# Bring your own Scikit learn model to SageMaker for Batch Transform
This tutorial shows you how to bring your [Scikit-learn](https://scikit-learn.org/stable/) models to SageMaker so that you can host and make inferences using SageMaker infrastructure. Scikit-learn is a popular Python machine learning framework. It includes a number of different algorithms for classification, regression, clustering, dimensionality reduction, and data/feature pre-processing. 

The [sagemaker-python-sdk](https://github.com/aws/sagemaker-python-sdk) module makes it easy to take existing scikit-learn model and generate predictions using the SageMaker hosting and inferencing service. For more information about the Scikit-learn container, see the [sagemaker-scikit-learn-containers](https://github.com/aws/sagemaker-scikit-learn-container) repository and the [sagemaker-python-sdk](https://github.com/aws/sagemaker-python-sdk) repository. Note that the version of the sklearn used for training has to match that of provided container.

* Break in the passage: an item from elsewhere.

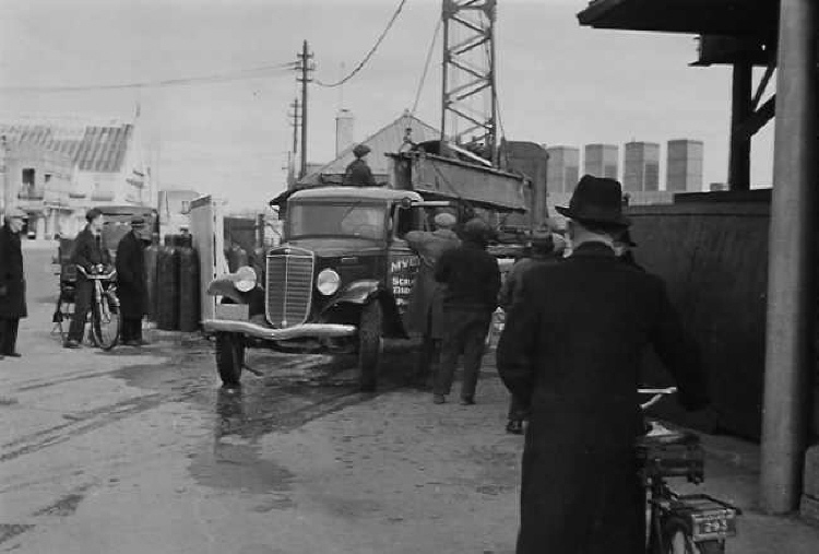 - River Road at Fallsview Bridge with Myer Salit Scrap Truck removing debris after the collapse of the Bridge

For more on Scikit-learn, please visit the Scikit-learn website: <http://scikit-learn.org/stable/>.

### Table of contents
* [Upload the data for training](#upload_data)
* [Create a Scikit-learn script to train with](#create_sklearn_script)
* [Batch Transform](#batch_transform)
 * [Prepare Input Data](#prepare_input_data)
 * [Run Transform Job](#run_transform_job)
 * [Check Output Data](#check_output_data)

In [3]:
!pip install -U scikit-learn==0.23.1

Collecting scikit-learn==0.23.1
  Downloading scikit_learn-0.23.1-cp36-cp36m-manylinux1_x86_64.whl (6.8 MB)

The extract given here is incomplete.